UPH Electrical Engineering student published a paper on checking document originality using laser in an international journal
Despite recent trends in paperless technology, the majority of the most confidential documents such as passport, college diploma, birth certificate and work employment letter are still in paper form. Payment through physical means such as cash and cheques offer security measures which electronic transactions can not provide. Digital bits are considerably easier to manipulate than tangible objects. These reasons demonstrate the significance of research in paper security.

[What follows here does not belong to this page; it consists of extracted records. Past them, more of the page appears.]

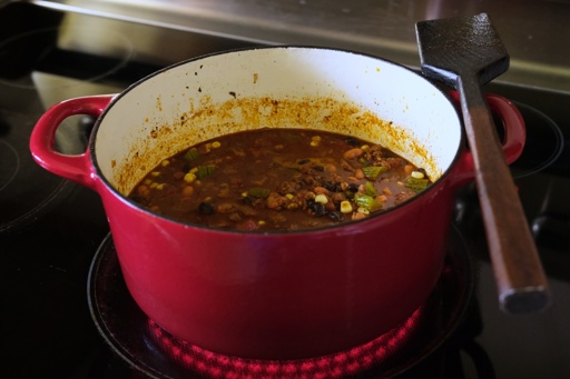I stewed this chili for four hours. I always stew for a least two hours but prefer how it tastes at four hours. You have to know when to add ingredients depending on how long you cook it. Adding things too early will lead to overcooked ingredients.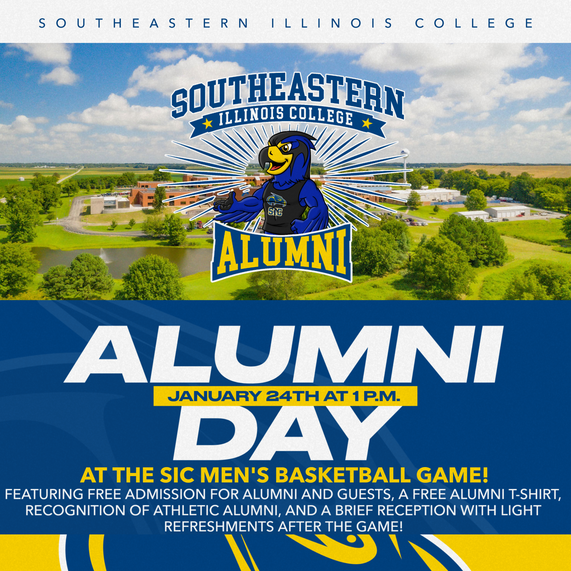 All alumni are invited to attend the game, with free admission for alumni beginning at 1 p.m. in Deaton Gym. Alumni will also receive a free SIC Alumni T-shirt while supplies last. During halftime, SIC will recognize alumni members of SIC athletics and competitive teams.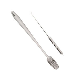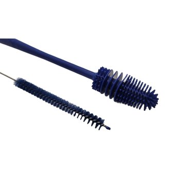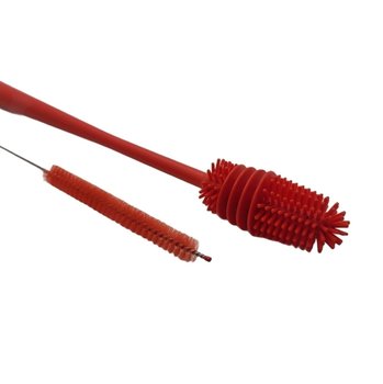 Made from durable BPA-free plastic (handle), silicone (bottle cleaning brush head), metal (straw brush handle) and nylon (straw brush bristles). Bottle brush measures 13" long overall with a cleaning head measuring 2.75" long. Straw brush measures 10" long overall with a bristle cleaning head measuring 4.5" long.

If you shine a laser beam onto a diffuse or rough surface like paper, you will see many blinking dots, which is called laser speckle. For ordinary people, these blinking dot pattern looks random and meaningless. But it is not for Wiwi Samsul, an undergraduate student of Electrical Engineering UPH. During his final project research work in UPH in 2010, he chose a topic on laser surface authentication (LSA), i.e. using laser beam to authenticate the originality of a paper. The work was supervised by Dr. Henri P. Uranus from Electrical Engineering UPH and Dr. Danang Birowosuto Parangtopo from LIPI (Indonesian Institute of Sciences). LSA is a technique proposed by Prof. Cowburn from Imperial College, UK years ago. The idea is that the surface of the paper consists of microstructure of fibers. By shining laser light onto the surface, there will be multiple reflections from the surface that create interference pattern which we see as speckles. Since the microscopic surface of each piece of paper is unique, the speckle pattern is unique and hence can be considered as a natural finger print of the piece of paper and can be used to identify an important document from counterfeit.

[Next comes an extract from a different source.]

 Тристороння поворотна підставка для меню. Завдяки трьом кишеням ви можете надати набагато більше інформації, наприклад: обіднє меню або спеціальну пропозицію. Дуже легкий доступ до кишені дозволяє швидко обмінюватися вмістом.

Instead of using dynamic set-up with moving laser and moving sensor, Wiwi used a simple approach employing static laser and static matrix of sensors. A HeNe laser (courtesy of the Physics Lab of Electrical Engineering UPH) and a cheap microscope equipped with CCD were employed in the set-up along with mirror and image capture box. The result was already presented in The International Conference on Advances in Computing, Control, and Telecommunication Technologies 2010 and awarded the UPH’s Student Scientific Paper of the Year award for 2011.
Later on, Wiwi Samsul extended the work to see how well such simple and cheap set-up can withstand the spatial and angular misalignment. In this work, Wiwi intentionally induced spatial and angular disturbances and check how well the system still can authenticate the paper. The results show that regardless of its cheap and simple set-up, the system still can tolerate spatial shift of 0.154 mm and angular shift of 3.59 degree. This work was then published in a SCOPUS indexed journal of Springer, the Journal of Optics, Vol. 44, Issue 3, 2015 (http://dx.doi.org/10.1007/s12596-015-0250-0). “Undergraduate student’s work published in international journal is exceptional”, said Dr. Henri Uranus, the supervisor.
After graduation, Wiwi pursued his Master degree and Ph.D. in Electrical and Computer Engineering from Duke University. He is currently researching on microwave energy harvesting for his Ph.D. work.